**EXERCISE DIRECTIONS**: The copy should begin at the line containing "전북대는 교육과 연구, 산학협력, 국제화" and end with the last line below, every line exact and no picture included.
BEGIN GIVEN DATA
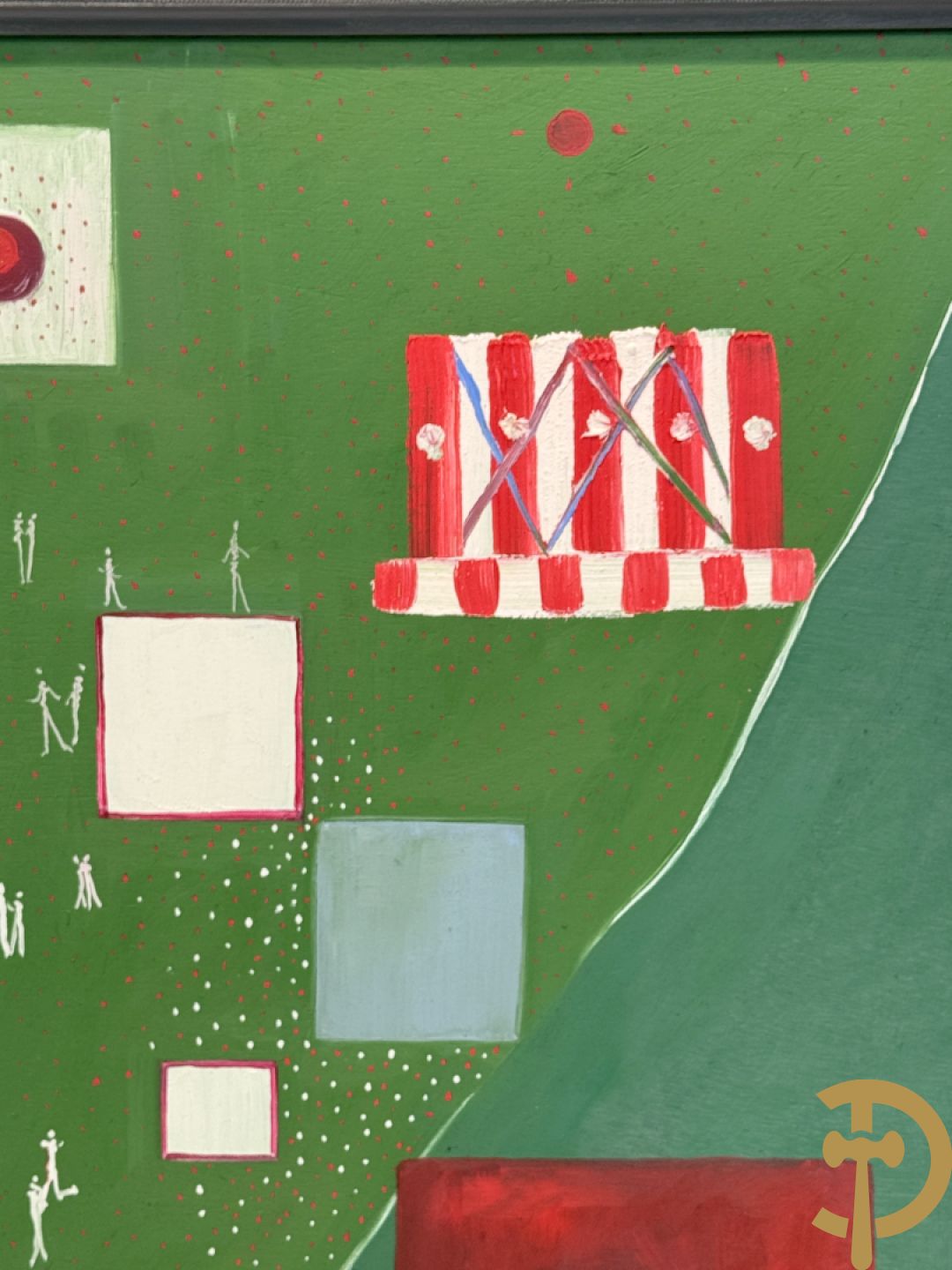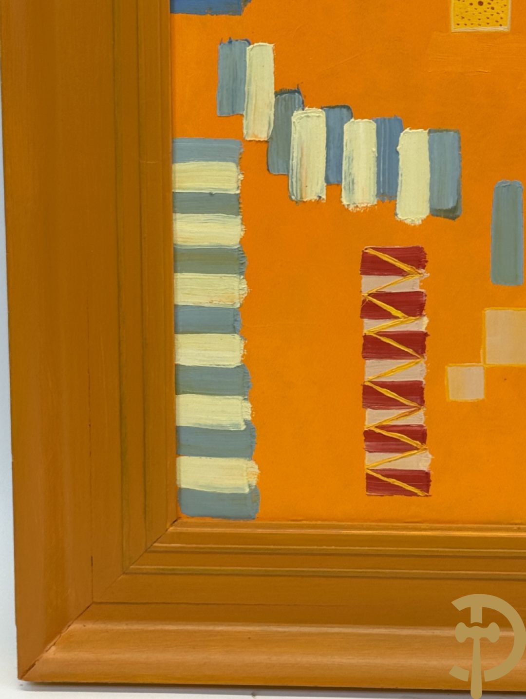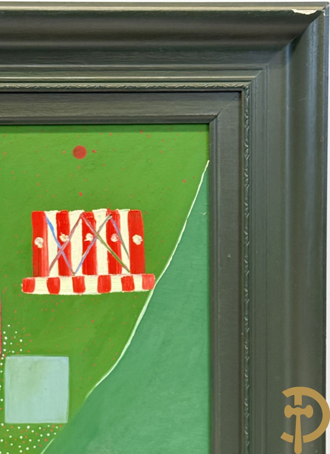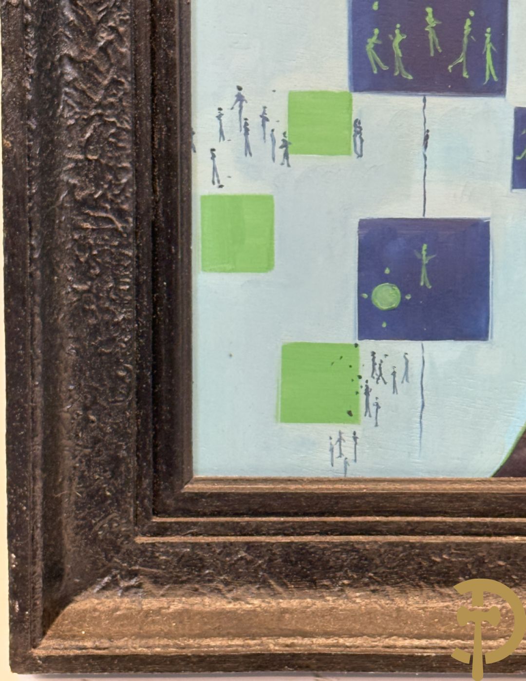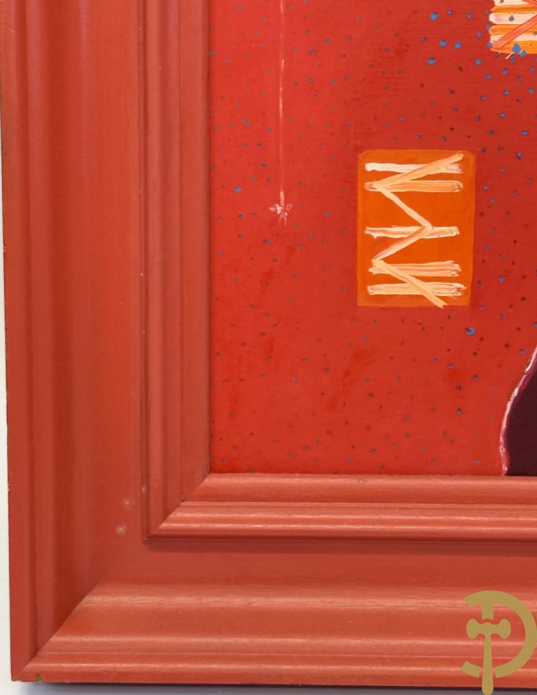 VERHELST P. getekend - Vier kleurrijke moderne werken in blauw, rood, groen en oranje - olie op paneel
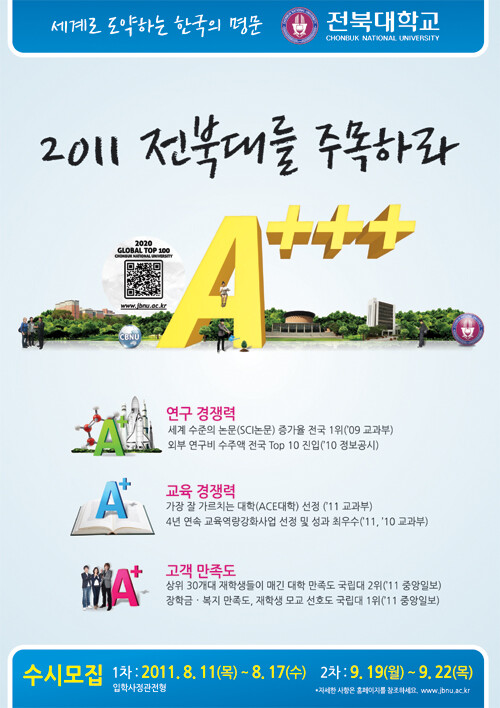 전북대는 교육과 연구, 산학협력, 국제화 분야를 강화하면서 경쟁력 있는 대학으로 거듭나 영국의 글로벌대학평가기관 QS의 평가에서 3년 연속 전국 10위권에 진입했다. 지난해 중앙일보 평가에서는 전국에서 ‘가장 주목해야 할 대학’에 선정되며 대학 혁신의 롤 모델이 되고 있다.
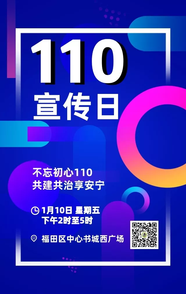 “110宣傳日”來啦!1月10日下午2時(shí)至5時(shí),福田區(qū)中心書城西廣場(chǎng)將作為“110宣傳日”主會(huì)場(chǎng),本次活動(dòng)主題是“不忘初心110,共建共治享安寧”。
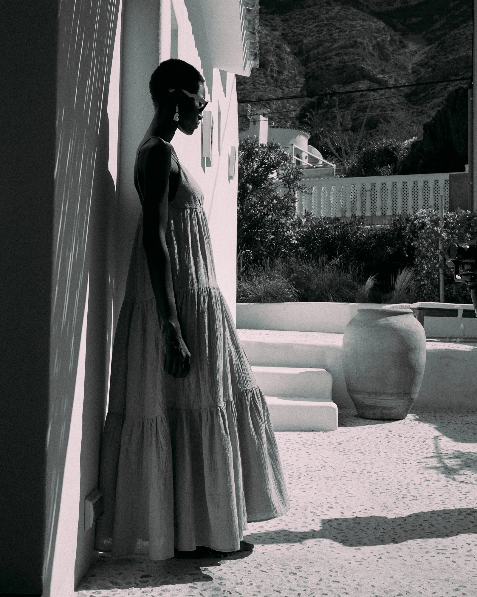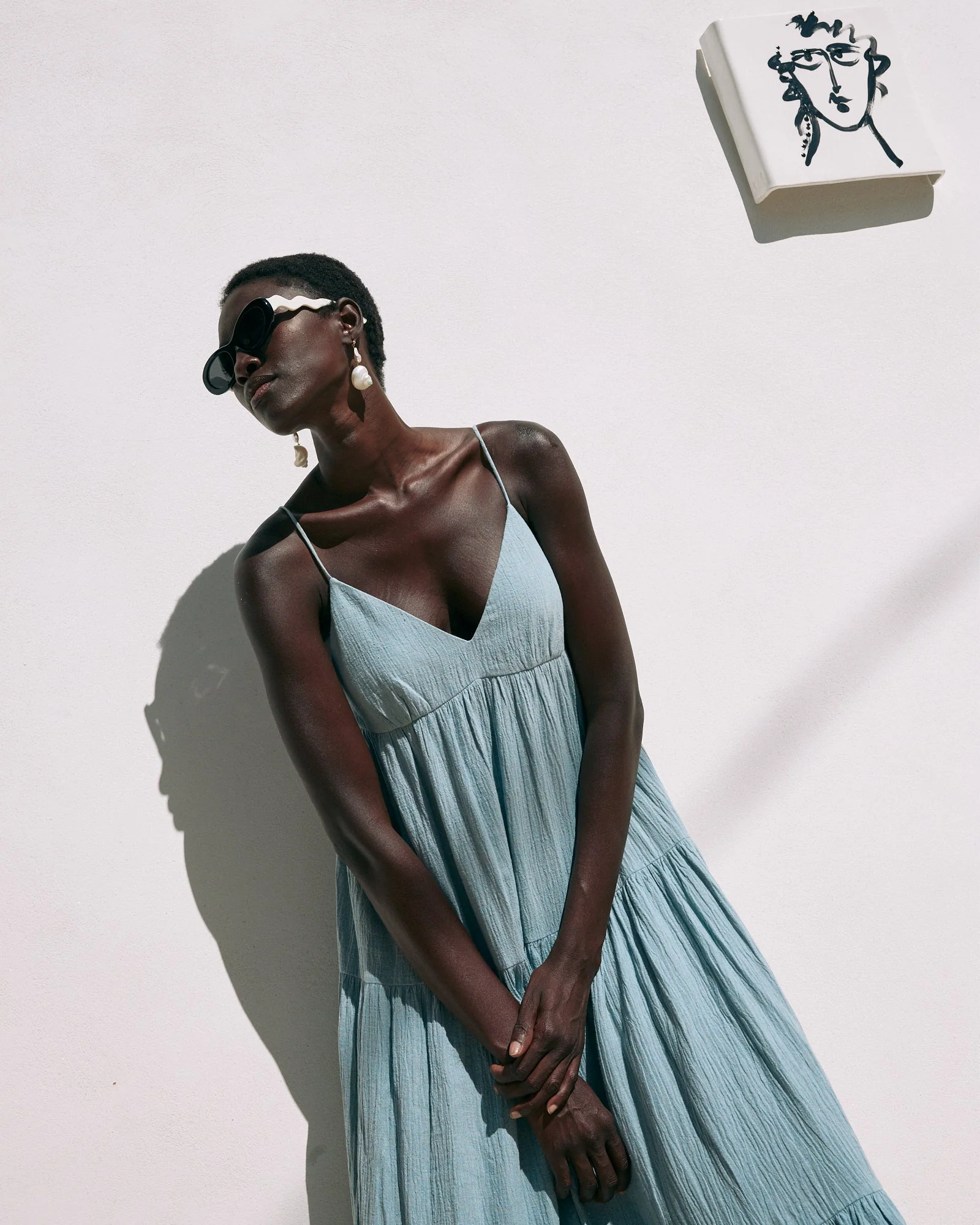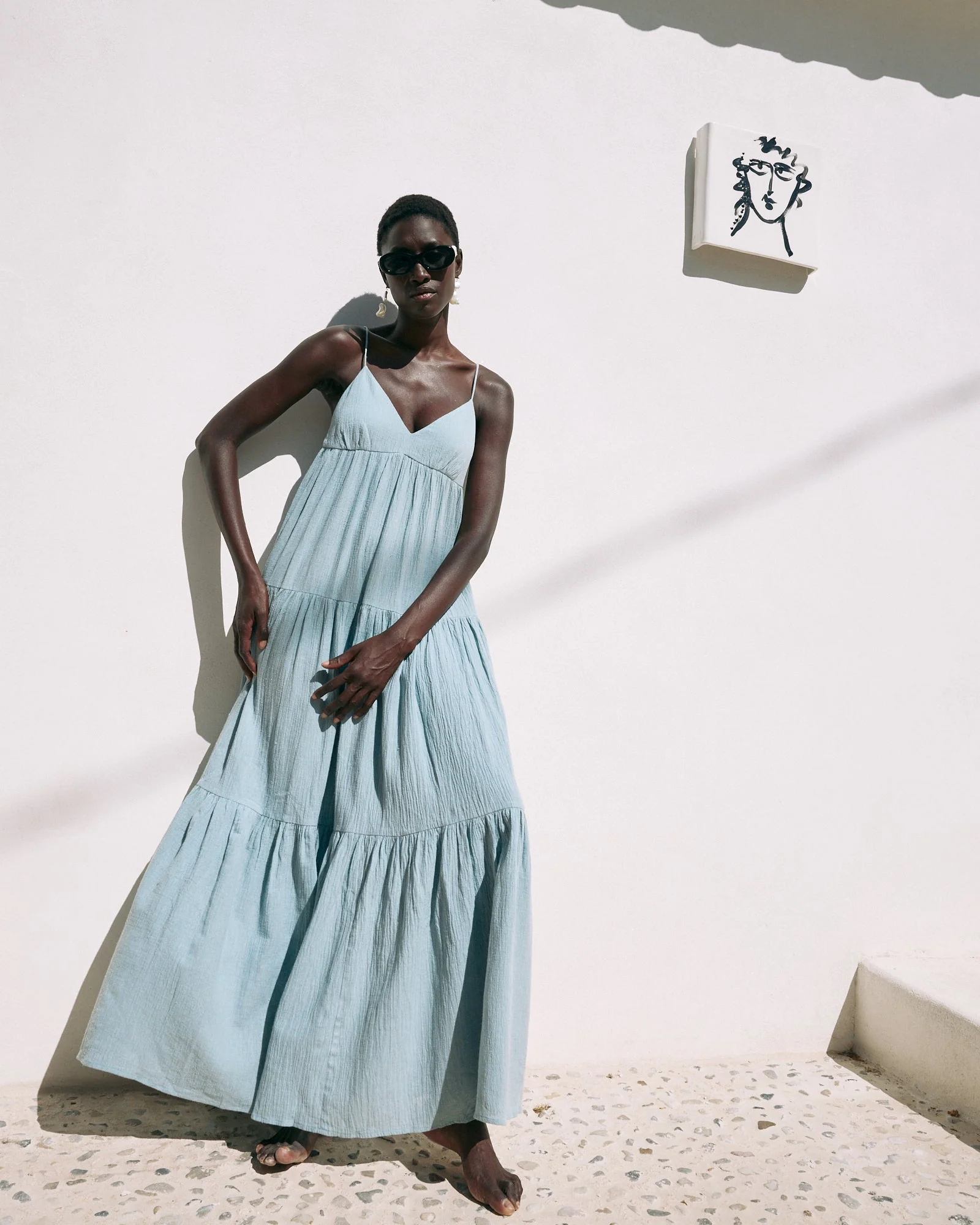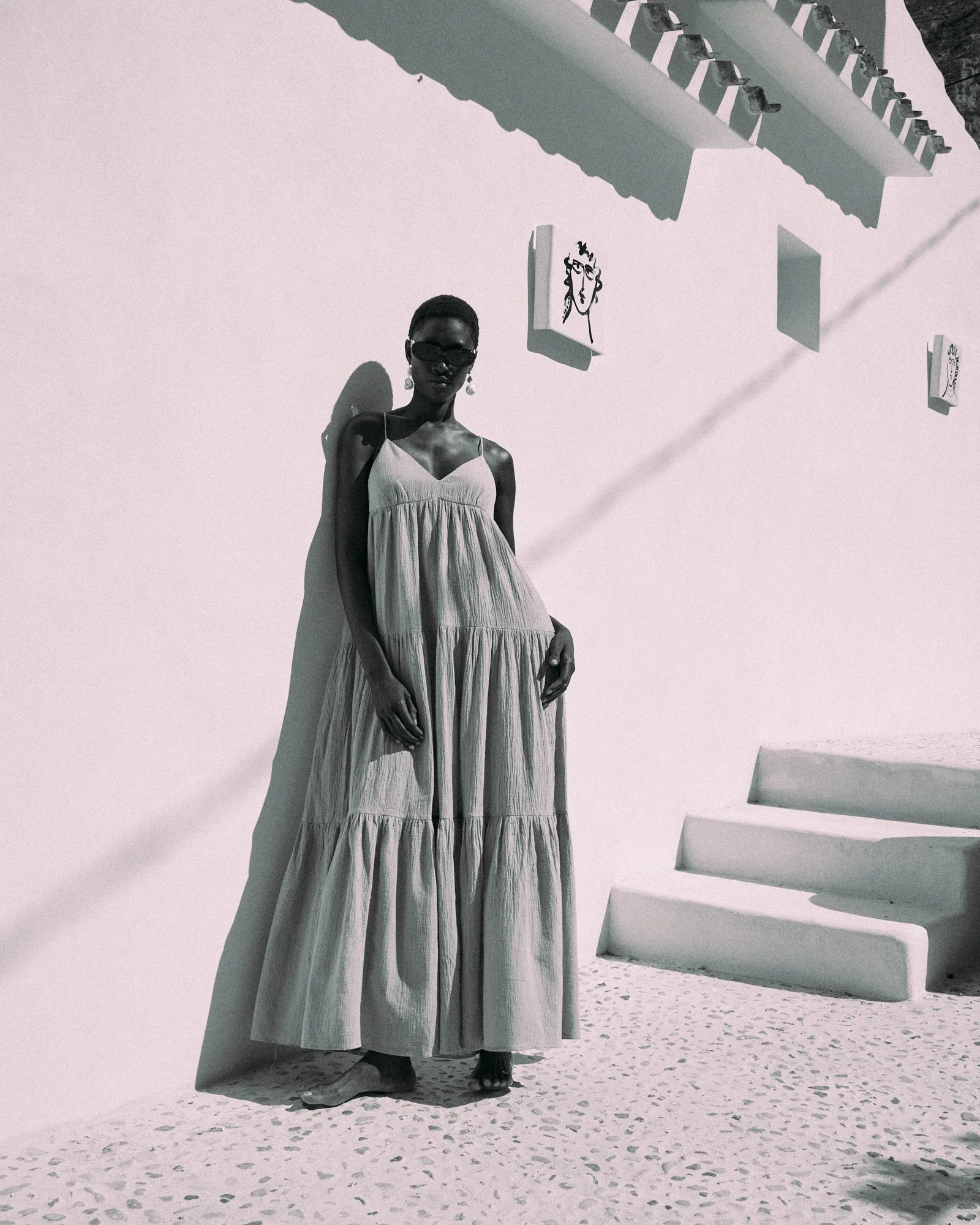 Vestido largo confeccionado en mezcla de algod贸n y lino con tirantes regulables y volantes en falda.
END GIVEN DATA
**SOLUTION**:
 전북대는 교육과 연구, 산학협력, 국제화 분야를 강화하면서 경쟁력 있는 대학으로 거듭나 영국의 글로벌대학평가기관 QS의 평가에서 3년 연속 전국 10위권에 진입했다. 지난해 중앙일보 평가에서는 전국에서 ‘가장 주목해야 할 대학’에 선정되며 대학 혁신의 롤 모델이 되고 있다.
 “110宣傳日”來啦!1月10日下午2時(shí)至5時(shí),福田區(qū)中心書城西廣場(chǎng)將作為“110宣傳日”主會(huì)場(chǎng),本次活動(dòng)主題是“不忘初心110,共建共治享安寧”。
 Vestido largo confeccionado en mezcla de algod贸n y lino con tirantes regulables y volantes en falda.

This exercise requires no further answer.